How do we discover books? Sometimes we ask people (bookstore and library staff, journalists, friends, family), but more often than not, we ask search engines (“thriller Brazil,” “kids’ books dragons”) But these tools rely on the way books are described. Is the book actually labelled as a thriller? Do we know that the plot takes place in Brazil? How do search engines know that a particular book contains references to dragons?
There are thousands of ways to describe a book and publisher time is limited. And book metadata is not always sufficient for all types of queries — any bookseller who’s been asked to find a book by the colour of its cover can tell you that.
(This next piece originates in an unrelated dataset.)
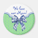 Este estilo de colheita, borboletas e arcos, azuis e brancos, fazem deste ímã um presente divertido e pensativo. Personalize com o nome de alguém especial por um presente pensativo. Perfeito para primavera, Páscoa, Dia de as mães, Aniversário ou a qualquer momento. O design pode ser usado em qualquer número de acessórios e decorações, funciona bem com chique, vitoriano, eclético, francês de país, inglês de país ou decoração tradicional.
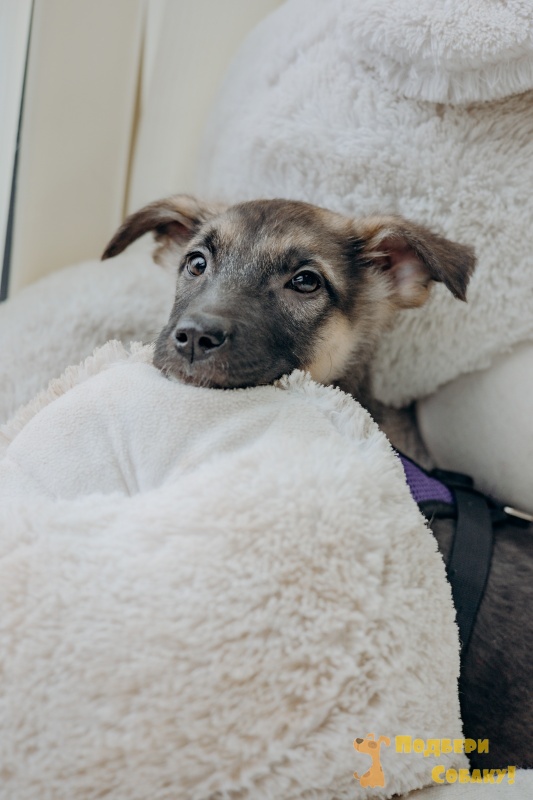Это не щенок, а настоящее воплощение нежности. Девочка Гуля - робкий ангел, который не будет шалить и прыгать, а тихонечко сядет рядышком и будет преданно смотреть вам в глаза.

Plus, discoverability is being increasingly performed through recommendation engines that are often based on historical sales data, not on the actual content of the books.
Projet TAMIS was launched by Éditions du Septentrion (a history book publisher based in Québec City) in collaboration with Brix Labs (a consulting agency with a focus on technology applied to cultural industries) to address these challenges. Researchers are using algorithms, open source code, and free or cheap APIs to extract descriptive information about books from books and to do it at a granularity and scale that would not be possible for humans. These findings could have huge potential to enrich traditional metadata, as well as create new ways to discover books.
This presentation will share some of the project’s results, which will be made available online and provided to publishers in such a way to make it easy to upload them to their metadata aggregators.